Это состояние трагического оптимизма, демонстративного социального бесстрашия (а вернее, все-таки, наверное, легкомыслия) очень скоро ему понадобится. Теперь уже Немирович, сдав сложнейшее свое двухсезонное дежурство, уехал с Музыкальной студией на гастроли в Америку, и все сложности (а они были в то время огромны) как внутренних, так и внешних отношений выпали на долю К. С. Собственно говоря, сложным тогда было всё. Но существовало три особенно трудных, в то же время принципиально важных зоны свалившейся на него ответственности. Первая — необходимость постоянно быть в контакте с руководящими культурными инстанциями, которым подчинялся театр. Это требовало тонкой дипломатии, мудро осторожной, но одновременно и твердой, без чего театр легко мог превратиться в игрушку внешне амбициозных, но внутренне зависимых, боящихся за свое положение большевистских чиновников, находившихся к тому же в сложных, переменчивых иерархических и личных отношениях друг с другом. Как ни странно для тех, кто вопреки логике и очевидности предпочитает видеть в К. С. человека непрактичного, далекого от жизни, он прекрасно справлялся с этой задачей (см. Приложение, с. 372, 425, 426). Пожалуй, он справлялся с ней в некотором смысле даже успешнее, чем Немирович, так как предпочитал обороне наступление. В эти короткие, единственные за всю историю Художественного театра сезоны своего единоначалия К. С. проявил способность преодолевать, казалось бы, непреодолимое.
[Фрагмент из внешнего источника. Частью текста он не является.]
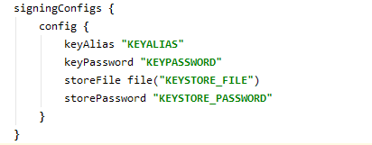1. android{.....} 내부에 아래의 signingConfigs 작성
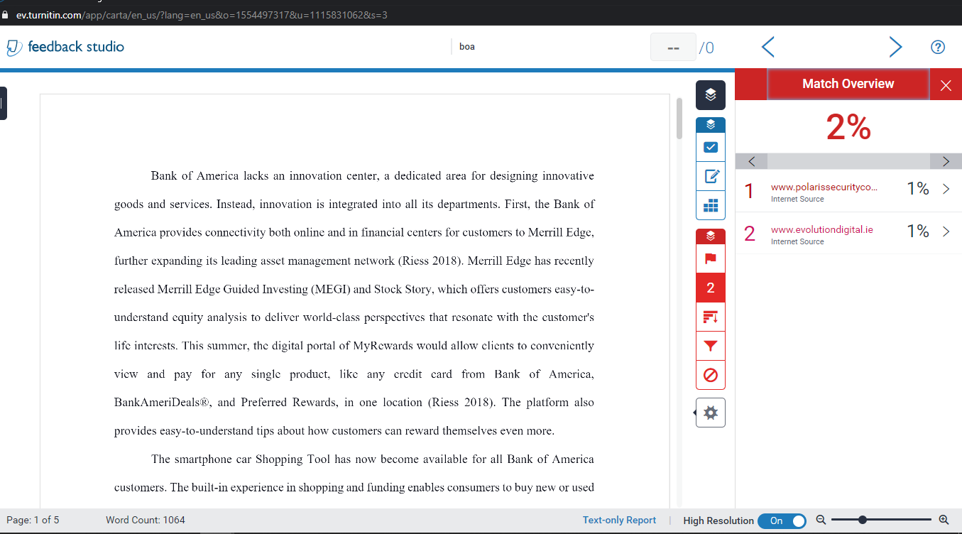 InstructionRefer to the company you've been assessing throughout the course (Bank of America). Identify the types of innovations the company is pursuing. Do the innovations tend to be incremental or radical? Product-related or process-related? In what ways, no matter how minor, could you add value to such innovations? Find an example of a small business that is using social media, such as Facebook, Twitter, or LinkedIn, to promote their products or services. How effective do you think this strategy is? Why? Full assignment is attached please refer to that for the assignment please, Please look at attachment for the full 2 questions. Please provide your references and cite all work.
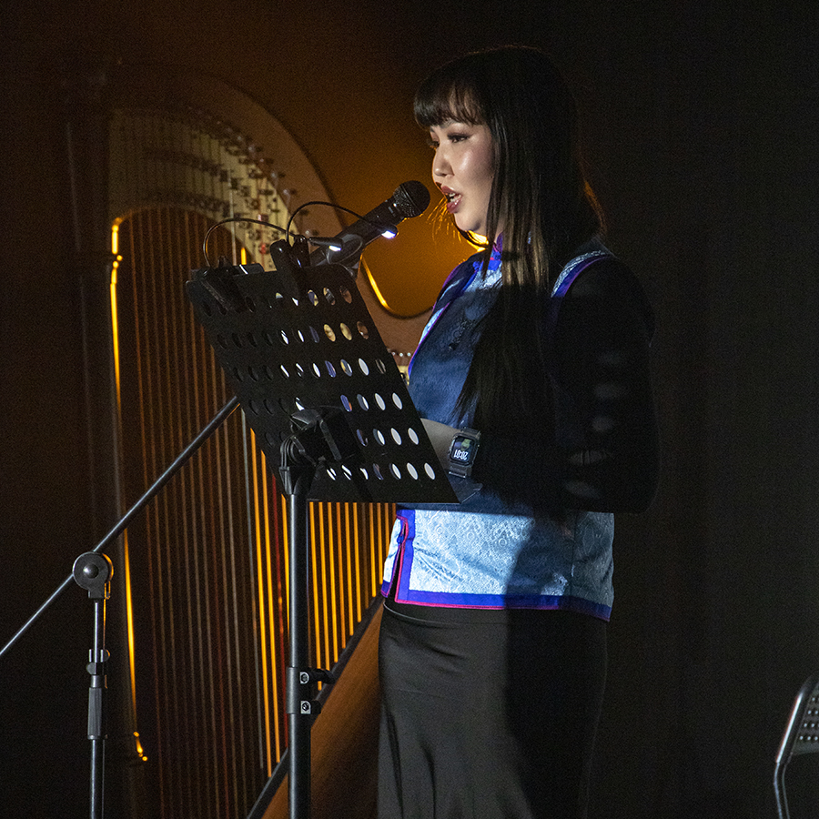 Представительница Красноярской бурятской национально-культурной автономии «Алтан Гэрэл» Инесса Дымбренова прочитала под музыкальный аккомпанемент Марата Садреева (каатон) и Люси Семёновой (флейта) очень красивое стихотворение современного бурятского поэта, музыканта, скульптора Элбэга Зандраева.

Вторая зона ответственности, тесно связанная с первой, — репертуар, то есть борьба с советской цензурой за пьесы, на которые взгляды театра и цензоров решительно разошлись. История мытарств «Дней Турбиных» М. Булгакова хорошо известна. И поведение в ней Станиславского — тоже. Во многом именно его упрямству, какому-то вроде бы наивному невосприятию аргументов тех, кто считал спектакль чуждым советской культуре, пьесе удалось удержаться на сцене. Он проигрывал, отступал, но, вынужденно отступив, снова начинал добиваться снятия запрета. Такое поведение тогда было редкостью. Снятый спектакль безропотно исчезал с афиши, и это не обсуждалось. Возможно, К. С. обескураживал представителей власти тем, что вступал с ними в диалог на равных, не воспринимал их решение как команду. Он был настолько уверен в своей правоте и праве отстаивать собственное мнение и так вроде бы искренне предполагал, что они, как разумные люди, способны к этому мнению прислушаться, что поневоле приходилось вступать с ним в диалог. К тому же его великолепная внешность, его завораживающий голос, о котором Блок говорил с таким восхищением, его обаяние, мировая слава… Сама его какая-то загадочно особенная личность, наконец… При всех режимах это оказывает тайное, часто неосознаваемое собеседником воздействие. Мы же стайные животные, несмотря ни на что, и еще сохранили способность реагировать на невербальную информацию.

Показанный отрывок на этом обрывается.